_Records supplied:_
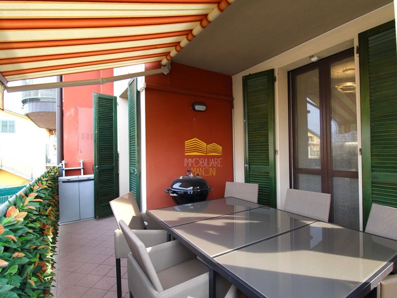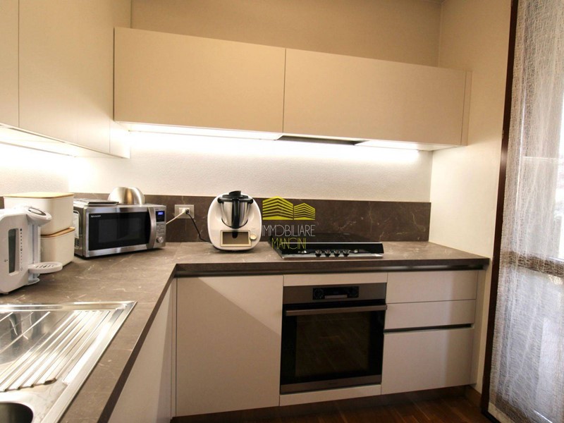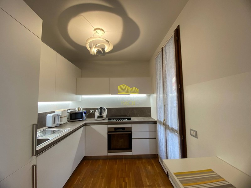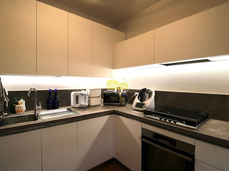 L'appartamento, in OTTIMO STATO, è composto da ingresso in ampia e luminosa zona giorno e cucina A VISTA ma separata negli spazi dotata di led luminosi, con doppio accesso su TERRAZZO di circa 15 mq.
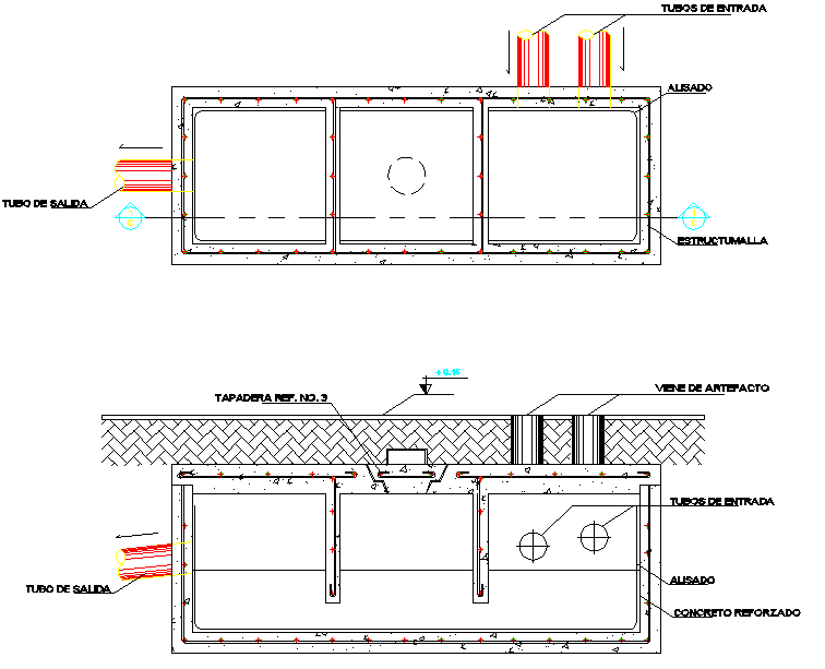Sanitary boxes plan and section detail dwg file, section line detail, concrete mortar detail, naming detail, pipe detail, reinforcement detail, bolt nut detail, etc.
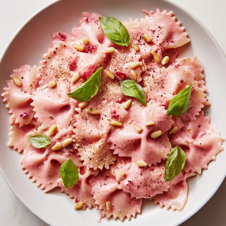 - Verteile die Pasta auf Tellern und garniere sie mit Basilikum optionalen Pinienkernen und zusätzlichen Erdbeerscheiben. Serviere sofort.
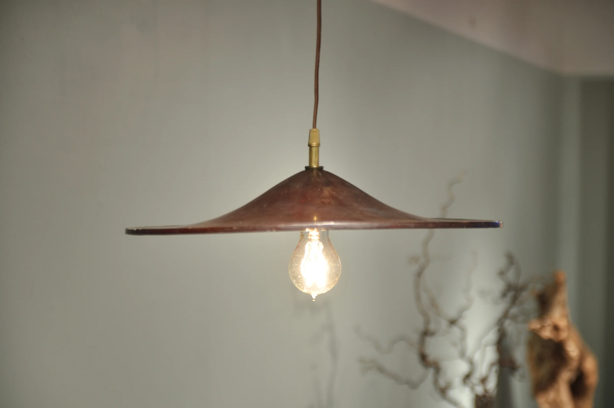 a 19th century "jingasa" or Samurai hat, is repurposed to become a hanging pendant lamp.
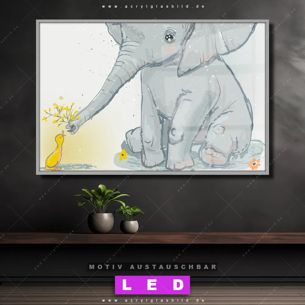 Du bist auf der Suche nach einem dimmbaren Tierwelt LED Bild mit Fernbedienung und optionaler Farbtemperatursteuerung? Dann haben wir hier genau das richtige Wandbild mit LED Beleuchtung für dich: Unser Canvalight® DIA LED Acrylglasbild Elefant & Entlein im Querformat mit austauschbarer bedruckter Acrylglas-Scheibe. Dieses Leuchtbild bringt sofort Partybeleuchtung in deine Räume!

_Brief:_ All of the lines above should be printed exactly, minus the pictures.

_Task output:_
 L'appartamento, in OTTIMO STATO, è composto da ingresso in ampia e luminosa zona giorno e cucina A VISTA ma separata negli spazi dotata di led luminosi, con doppio accesso su TERRAZZO di circa 15 mq.
Sanitary boxes plan and section detail dwg file, section line detail, concrete mortar detail, naming detail, pipe detail, reinforcement detail, bolt nut detail, etc.
 - Verteile die Pasta auf Tellern und garniere sie mit Basilikum optionalen Pinienkernen und zusätzlichen Erdbeerscheiben. Serviere sofort.
 a 19th century "jingasa" or Samurai hat, is repurposed to become a hanging pendant lamp.
 Du bist auf der Suche nach einem dimmbaren Tierwelt LED Bild mit Fernbedienung und optionaler Farbtemperatursteuerung? Dann haben wir hier genau das richtige Wandbild mit LED Beleuchtung für dich: Unser Canvalight® DIA LED Acrylglasbild Elefant & Entlein im Querformat mit austauschbarer bedruckter Acrylglas-Scheibe. Dieses Leuchtbild bringt sofort Partybeleuchtung in deine Räume!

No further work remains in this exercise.